-- Data section follows --
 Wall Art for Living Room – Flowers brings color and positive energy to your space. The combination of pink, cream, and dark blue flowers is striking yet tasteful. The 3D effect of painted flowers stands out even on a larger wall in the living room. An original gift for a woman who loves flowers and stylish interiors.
-- Data section concluded --
-- Data section follows --
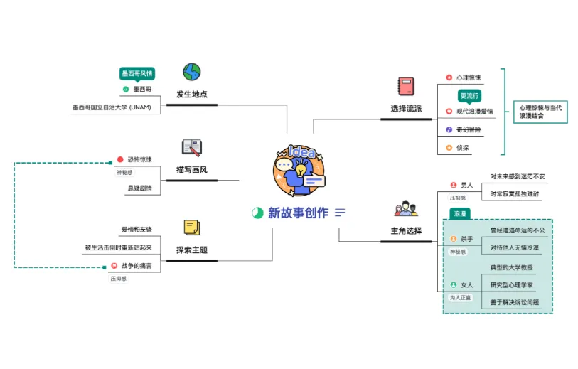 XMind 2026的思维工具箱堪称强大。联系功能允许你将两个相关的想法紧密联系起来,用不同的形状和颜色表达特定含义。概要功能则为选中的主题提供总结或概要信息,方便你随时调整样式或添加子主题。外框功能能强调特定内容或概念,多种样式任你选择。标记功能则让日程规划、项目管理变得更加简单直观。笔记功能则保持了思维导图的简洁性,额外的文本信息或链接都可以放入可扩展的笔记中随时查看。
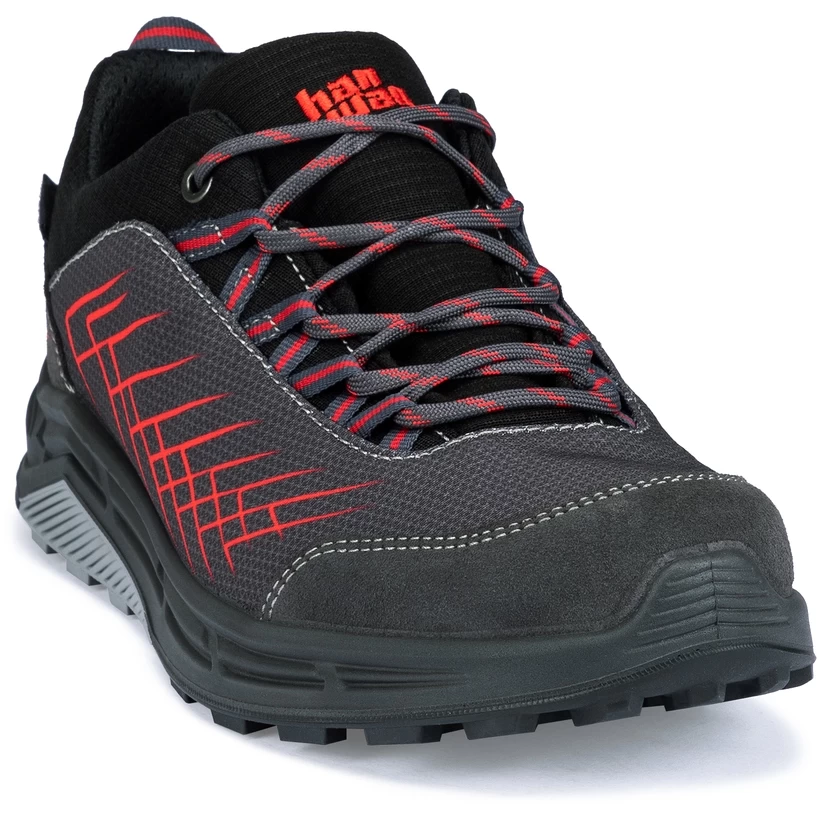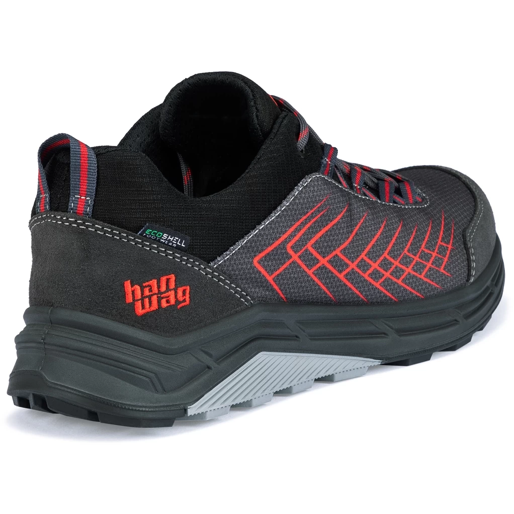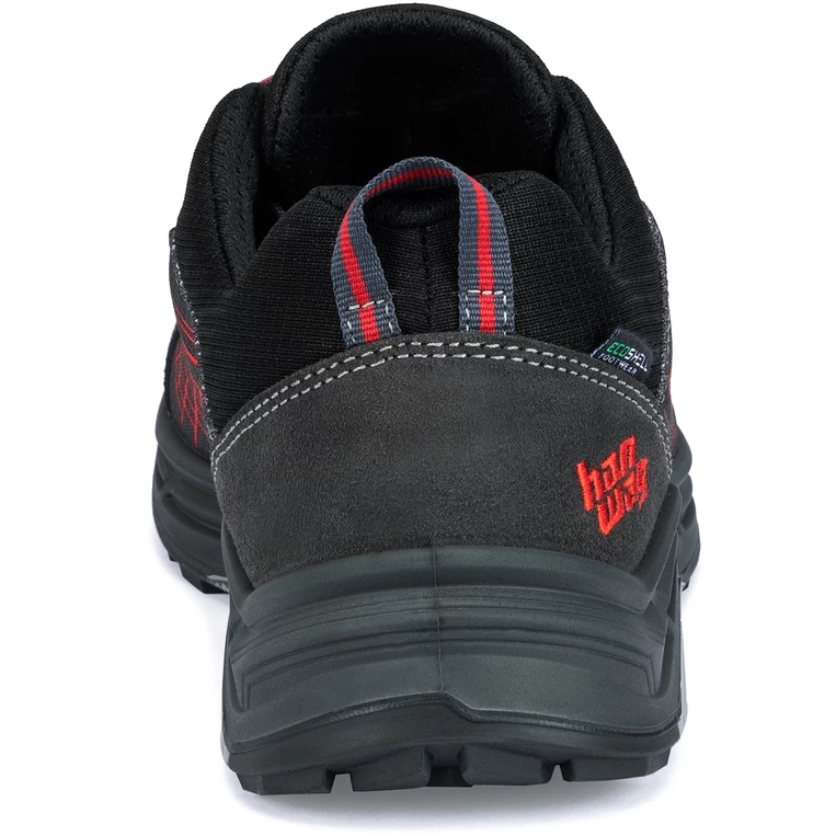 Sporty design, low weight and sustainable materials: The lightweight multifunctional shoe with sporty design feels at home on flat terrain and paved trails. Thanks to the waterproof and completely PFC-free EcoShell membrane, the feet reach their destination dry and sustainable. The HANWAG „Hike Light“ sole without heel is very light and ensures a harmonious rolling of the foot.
-- Data section concluded --
Action item: Transcribe, word for word, the stretch of lines in the data above from the one with "XMind 2026的思维工" through the one with "Sporty design, low"; omit all pictures.

Answer space:
 XMind 2026的思维工具箱堪称强大。联系功能允许你将两个相关的想法紧密联系起来,用不同的形状和颜色表达特定含义。概要功能则为选中的主题提供总结或概要信息,方便你随时调整样式或添加子主题。外框功能能强调特定内容或概念,多种样式任你选择。标记功能则让日程规划、项目管理变得更加简单直观。笔记功能则保持了思维导图的简洁性,额外的文本信息或链接都可以放入可扩展的笔记中随时查看。
 Sporty design, low weight and sustainable materials: The lightweight multifunctional shoe with sporty design feels at home on flat terrain and paved trails. Thanks to the waterproof and completely PFC-free EcoShell membrane, the feet reach their destination dry and sustainable. The HANWAG „Hike Light“ sole without heel is very light and ensures a harmonious rolling of the foot.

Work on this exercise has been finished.